Out of a reflex of distrust, I refuse to participate in any kind of loyalty program of the outlet of the large retail store around the corner.

I tell myself that by refusing to join the loyalty program (which basically comes down to scanning an anonymous loyalty card every time I make a purchase), I prevent them from adding my correlations (what products I buy, in what combos, at what time) to their data.

But since I normally pay by card, I guess they can (and do) already do that with my bank account information?

If I would pay with cash, they can still see those correlations per purchase, but they can't track my purchases over time?

  • chauncey [he/him]
    ·
    3 months ago

    The American Prospect has some really good recent articles about this. We've entered a new age of personal pricing. Companies have so much data on us that the price that I see when I visit a website is no longer necessarily the price that you see.

    https://prospect.org/economy/2024-06-04-one-person-one-price/

  • D61 [any]
    ·
    edit-2
    3 months ago

    Depends on the store.

    Your non chain store that has a loyalty program, probably doesn't have the interest or capital to pay some third party to manage the data collection and analysis to try to direct market things to you.

    Worked at a co-op grocery store for a while.
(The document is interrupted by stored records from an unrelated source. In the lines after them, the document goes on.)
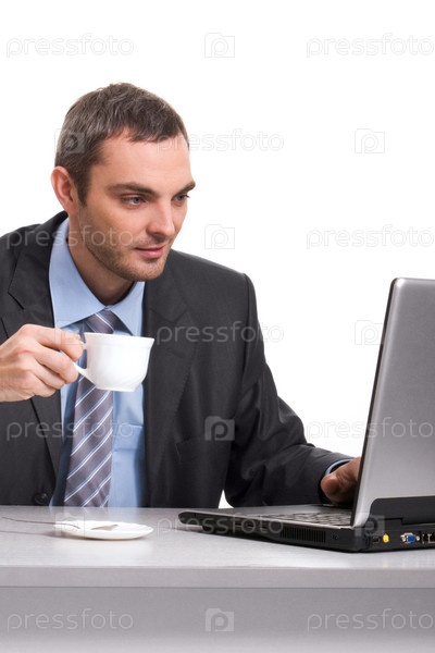 Молодой бизнесмен с чашкой в руке перед экраном ноутбука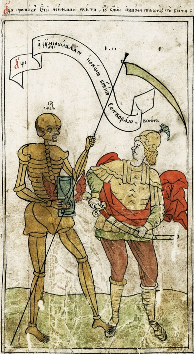Прение Живота со Смертью. Изображения XVII-XIX вв. "Прение (изначально "Двоесловие") Живота со Смертью" изначально переводное произведение. Оригинал его был переведен с немецкого языка в Новгороде в конце XV века. В форме диалога рассказывается о встрече воина со смертью, страшной видом, "как рыкающий лев". Воин бахвалится своей силой, однако Смерть, которая забрала уже Самсона, Александра Македонского и пророка Давида, одолевает и его. Произведение получило огромное распространение и постоянно перерабатывалось. В XVII веке появляются иконы с изображением сюжета и десятки миниатюр Сборников и Синодиков. На закате русского Средневековья Живот (Жизнь) соединился с образом Аники Воина, изображения которого мы встречаем на лубках.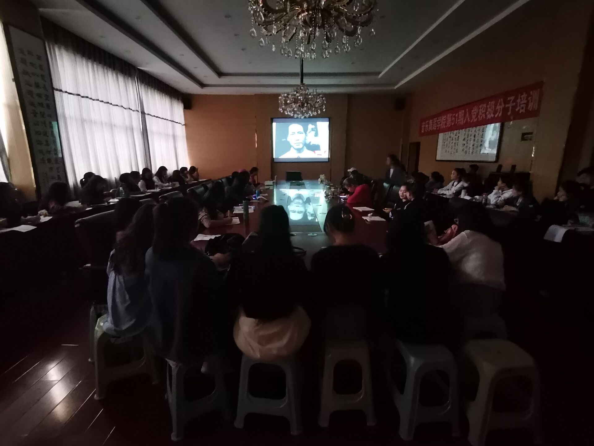 4月20日下午,williamhill英国官网第五十一期入党积极分子培训班在六楼会议室开展了主题班会,组织学员们继续观看爱国题材电影《百炼成钢》。班会由舞蹈系员工党支部员工党员龚杨主持,本期参训83名入党积极分子参加了此次班会。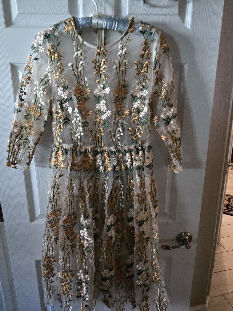 Size small to medium..beautiful spring embroidery of flowers..see through but does have lowers lining..Retro and so adorable! Won't disappoint!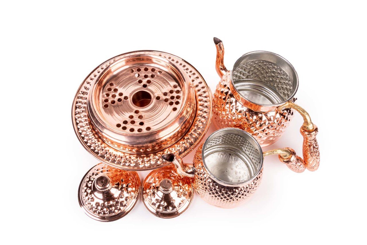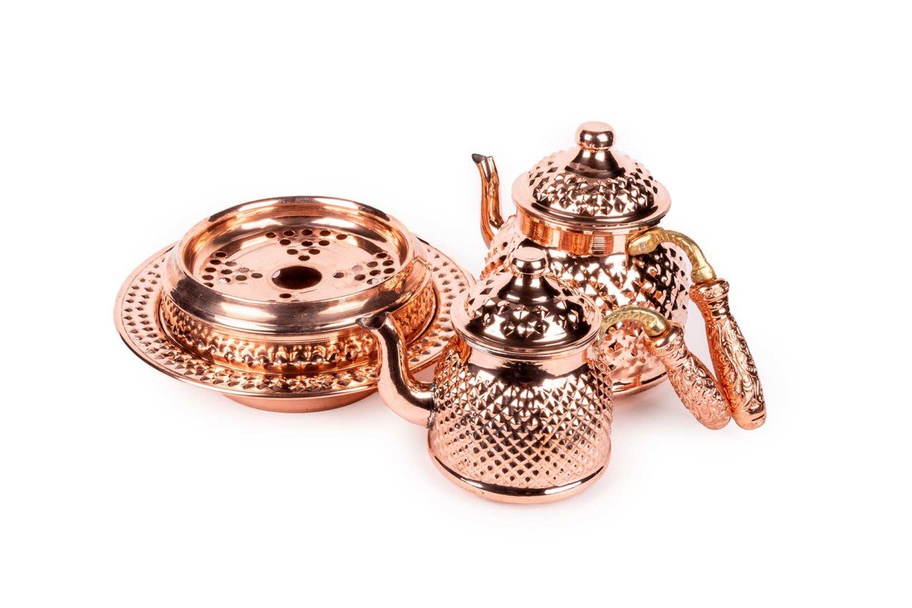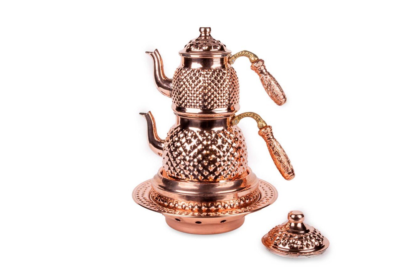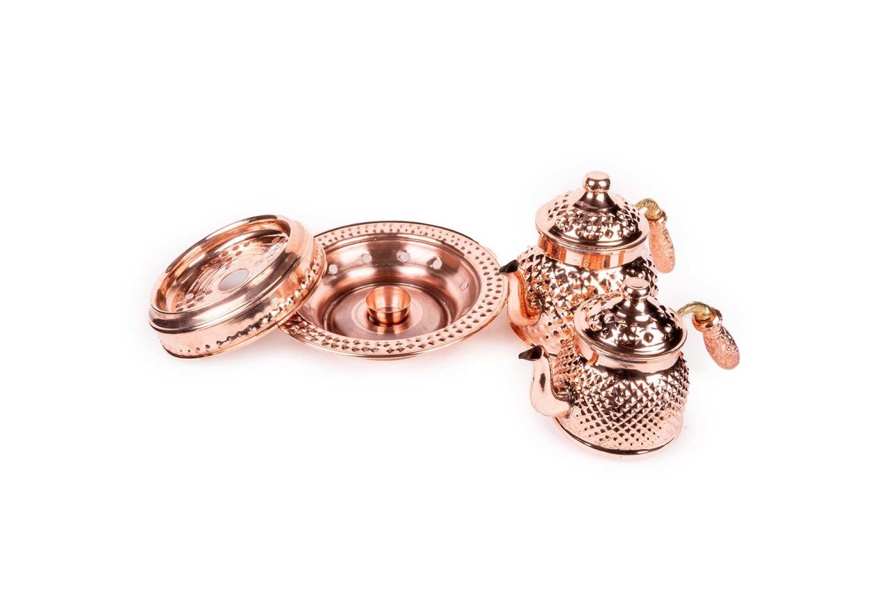 Handygoo Red Keops Bakır Çaydanlık ve Balkon Sefası, bakır çaydanlık modellerinde yeni bir nefes, farklı bir tarz. Lezzetli çaylar demlemeniz için tasarlandı. Kahvaltıda, ara öğünlerde, yemekten sonra, tatlının yanında...Hiç şüphesiz çay içmenin yeri ve zamanı yoktur. Bu doğrultuda da çay, pek çok insan için önem verilen içeceklerin başında gelir. Gün içerisinde kimi zaman bir bardak, kimi zaman ise bir demlik çay içilebilmektedir. Ortak bir çay demleme yöntemi bulunmamaktadır ancak bilindiği üzere bakır ürünlerde demlenen, servis edilen her içeceğin lezzetinin arttığı bir gerçektir. Çayınızı demlerken, bu ürün, şık ve otantik görüntüsü ile yine fark yaratmanızı sağlayacaktır. Ürün bakır çaydanlık ve kendisi ile takım balkon sefası ile birlikte satılmaktadır. Bakır çaydanlık iki ana kısımdan oluşmaktadır. Her iki kısım üzerinde ham bakır üzerine ustaca ve sabırla işlenmiş, piramit şekilleri yer almaktadır. Her iki parçanın da birbirinden bağımsız kapakları yer almaktadır. Kulplar son derece şık ve göz alıcıdır. Bakır çaydanlık, evinize, ofisinize yada bulunduğunuz herhangi bir mekana zerafet ve şıklık getirecektir. Kendiniz yada hediye ettiğiniz sevdikleriniz çaylarını iki kat keyif ile yudumlayacaklardır. Çaydanlık su haznesi 1,8 litre su almaktadır. Üst demlik ise 0,8 lt su almaktadır. Kalın bakırdan üretilmiştir ve ağırlığı 1 kg (+50)(-50) dır. Balkon sefası iç çapı 16 cm iken, dış çapı 24 cm dir. Bakır balkon sefası yüksekliği 11 cm dir. Bakır balkon sefası, özellikle çay servisiniz esnasında çaydanlıklarınızın ısısını kaybetmemesi için tasarlandı. Özellikle bakır çaydanlık ürünleri ile bir bütün oluştururken dilerseniz porselen yada emaye demlik ve çaydanlıklarınız ile de rahatlıkla kullanabilirsiniz. Altında mumluk alanı yer alan ürün sayesinde tea light mumlarınız yada jel ile size hem romantik bir ortam sağlayacak, hem de enfes çay ve benzeri içecek ikramlarınız her daim sıcak kalacak.

The "owners" could use their owner number to keep track of their purchases to count towards their patronage refund amount and it also allowed some limited ability to look at full transaction information to deal with misrings, returns without recipts, etc. in the decade that I worked there, there was no effort or interest (even though the people running the coop at the highest level were definitely "business goober" types) to try to use the info for direct marketing or to sell to a data broker.

  • 🐋 Color 🍁 ♀@lemm.ee
    ·
    edit-2
    3 months ago

    It probably depends on the store. I habitually pay via physical money, because in the event of a cyberattack I can still use it.